* **What you have to do**
With pictures removed, the data below should be returned exactly.

* **Given data**
----
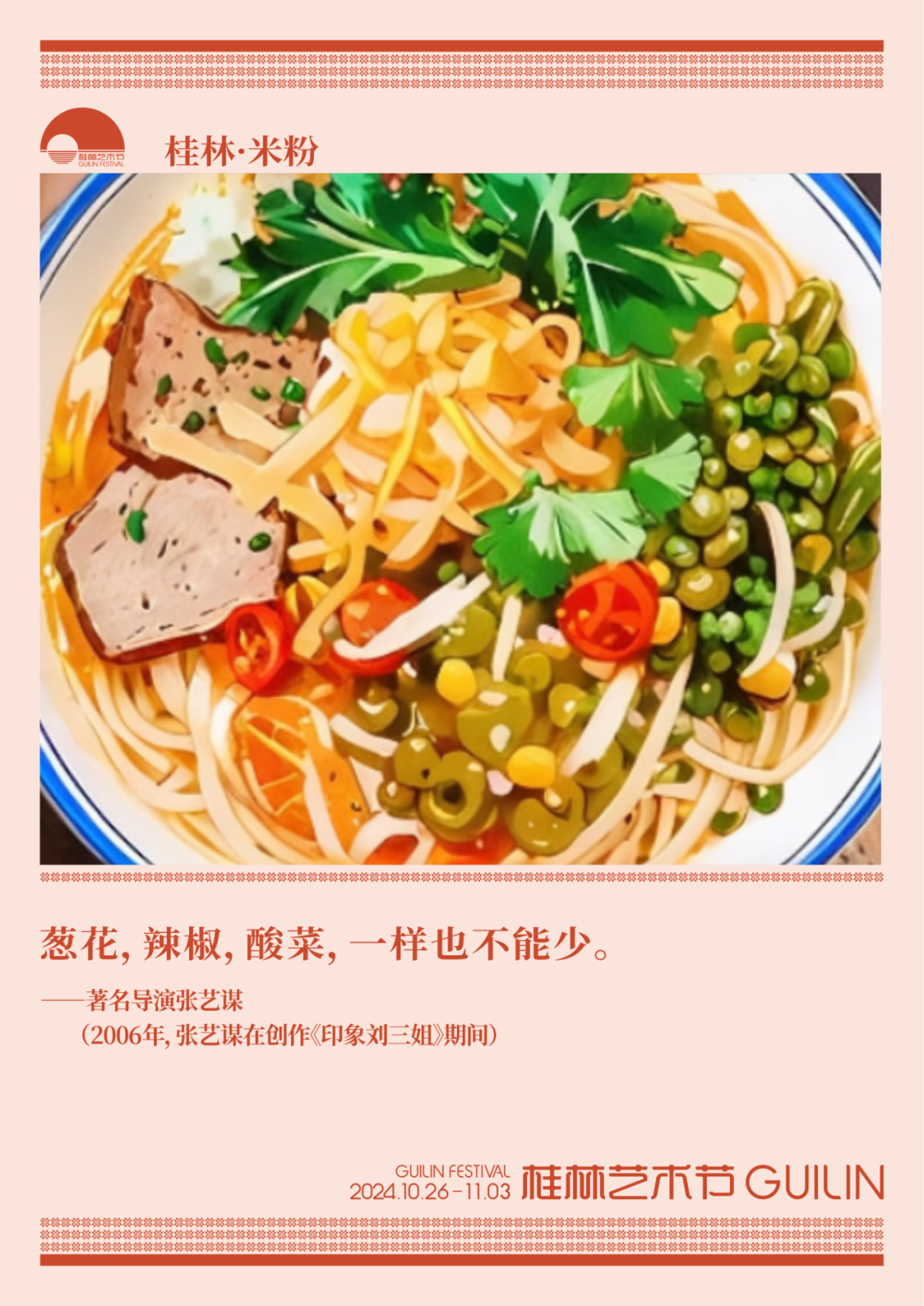 张艺谋吃桂林米粉很在行,米粉端来,葱花、辣椒、酸菜都来一点,吃完粉后慢慢喝汤,这也是最地道的桂林吃法。桂林最常见的嗦粉姿势:边走边嗦、站着、蹲着、趴电动车上……在那些时不时蹦出一两句桂林话的米粉店里,你能遇见最市井最有趣的灵魂!
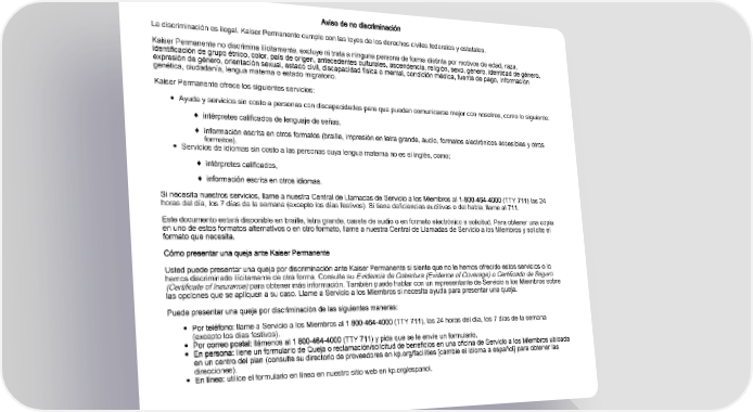 Aviso de no discriminación La discriminación es ilegal. Kaiser Permanente cumple con las leyes de los derechos civiles federales y estatales. Kaiser Permanente no discrimina ilícitamente, excluye ni trata a ninguna persona de forma distinta por motivos de edad, raza, identificación de grupo étnico, color, país de origen, antecedentes culturales, ascendencia, religión, sexo, género, identidad de género, expresión de género, orientación sexual, estado civil, discapacidad física o mental, condición médica, fuente de pago, información genética, ciudadanía, lengua materna o estado migratorio. Kaiser Permanente ofrece los siguientes servicios: ● Ayuda y servicios sin costo a personas con discapacidades para que puedan comunicarse mejor con nosotros, como lo siguiente: ♦ intérpretes calificados de lenguaje de señas, ♦ información escrita en otros formatos (braille, impresión en letra grande, audio, formatos electrónicos accesibles y otros formatos). ● Servicios de idiomas sin costo a las personas cuya lengua materna no es el inglés, como: ♦ intérpretes calificados, ♦ información escrita en otros idiomas. Si necesita nuestros servicios, llame a nuestra Central de Llamadas de Servicio a los Miembros al 1-800-464-4000 (TTY 711) las 24 horas del día, los 7 días de la semana (excepto los días festivos). Si tiene deficiencias auditivas o del habla, llame al 711. Este documento estará disponible en braille, letra grande, casete de audio o en formato electrónico a solicitud. Para obtener una copia en uno de estos formatos alternativos o en otro formato, llame a nuestra Central de Llamadas de Servicio a los Miembros y solicite el formato que necesita. Cómo presentar una queja ante Kaiser Permanente Usted puede presentar una queja por discriminación ante Kaiser Permanente si siente que no le hemos ofrecido estos servicios o lo hemos discriminado ilícitamente de otra forma. Consulte su Evidencia de Cobertura (Evidence of Coverage) o Certificado de Seguro (Certificate of Insurance) para obtener más información. También puede hablar con un representante de Servicio a los Miembros sobre las opciones que se apliquen a su caso. Llame a Servicio a los Miembros si necesita ayuda para presentar una queja. Puede presentar una queja por discriminación de las siguientes maneras: ● Por teléfono: llame a Servicio a los Miembros al 1 800-464-4000 (TTY 711), las 24 horas del día, los 7 días de la semana (excepto los días festivos). ● Por correo postal: llámenos al 1 800-464-4000 (TTY 711) y pida que se le envíe un formulario. ● En persona: llene un formulario de Queja o reclamación/solicitud de beneficios en una oficina de Servicio a los Miembros ubicada en un centro del plan (consulte su directorio de proveedores en kp.org/facilities [cambie el idioma a español] para obtener las direcciones). ● En línea: utilice el formulario en línea en nuestro sitio web en kp.org/espanol.
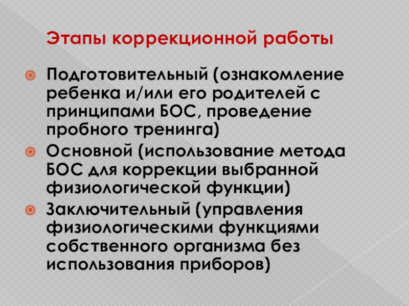 Слайд 10Этапы коррекционной работы
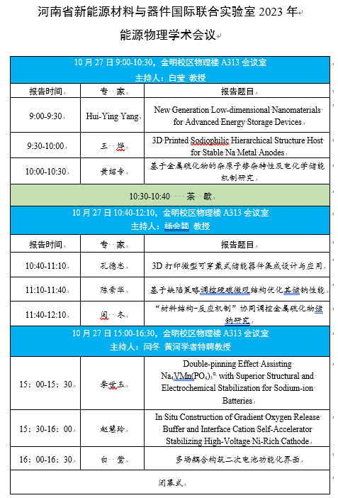 河南省新能源材料与器件国际联合实验室2023年能源物理学术沙龙(时间:10月27日)
----
* **Output below**
 张艺谋吃桂林米粉很在行,米粉端来,葱花、辣椒、酸菜都来一点,吃完粉后慢慢喝汤,这也是最地道的桂林吃法。桂林最常见的嗦粉姿势:边走边嗦、站着、蹲着、趴电动车上……在那些时不时蹦出一两句桂林话的米粉店里,你能遇见最市井最有趣的灵魂!
 Aviso de no discriminación La discriminación es ilegal. Kaiser Permanente cumple con las leyes de los derechos civiles federales y estatales. Kaiser Permanente no discrimina ilícitamente, excluye ni trata a ninguna persona de forma distinta por motivos de edad, raza, identificación de grupo étnico, color, país de origen, antecedentes culturales, ascendencia, religión, sexo, género, identidad de género, expresión de género, orientación sexual, estado civil, discapacidad física o mental, condición médica, fuente de pago, información genética, ciudadanía, lengua materna o estado migratorio. Kaiser Permanente ofrece los siguientes servicios: ● Ayuda y servicios sin costo a personas con discapacidades para que puedan comunicarse mejor con nosotros, como lo siguiente: ♦ intérpretes calificados de lenguaje de señas, ♦ información escrita en otros formatos (braille, impresión en letra grande, audio, formatos electrónicos accesibles y otros formatos). ● Servicios de idiomas sin costo a las personas cuya lengua materna no es el inglés, como: ♦ intérpretes calificados, ♦ información escrita en otros idiomas. Si necesita nuestros servicios, llame a nuestra Central de Llamadas de Servicio a los Miembros al 1-800-464-4000 (TTY 711) las 24 horas del día, los 7 días de la semana (excepto los días festivos). Si tiene deficiencias auditivas o del habla, llame al 711. Este documento estará disponible en braille, letra grande, casete de audio o en formato electrónico a solicitud. Para obtener una copia en uno de estos formatos alternativos o en otro formato, llame a nuestra Central de Llamadas de Servicio a los Miembros y solicite el formato que necesita. Cómo presentar una queja ante Kaiser Permanente Usted puede presentar una queja por discriminación ante Kaiser Permanente si siente que no le hemos ofrecido estos servicios o lo hemos discriminado ilícitamente de otra forma. Consulte su Evidencia de Cobertura (Evidence of Coverage) o Certificado de Seguro (Certificate of Insurance) para obtener más información. También puede hablar con un representante de Servicio a los Miembros sobre las opciones que se apliquen a su caso. Llame a Servicio a los Miembros si necesita ayuda para presentar una queja. Puede presentar una queja por discriminación de las siguientes maneras: ● Por teléfono: llame a Servicio a los Miembros al 1 800-464-4000 (TTY 711), las 24 horas del día, los 7 días de la semana (excepto los días festivos). ● Por correo postal: llámenos al 1 800-464-4000 (TTY 711) y pida que se le envíe un formulario. ● En persona: llene un formulario de Queja o reclamación/solicitud de beneficios en una oficina de Servicio a los Miembros ubicada en un centro del plan (consulte su directorio de proveedores en kp.org/facilities [cambie el idioma a español] para obtener las direcciones). ● En línea: utilice el formulario en línea en nuestro sitio web en kp.org/espanol.
 Слайд 10Этапы коррекционной работы
 河南省新能源材料与器件国际联合实验室2023年能源物理学术沙龙(时间:10月27日)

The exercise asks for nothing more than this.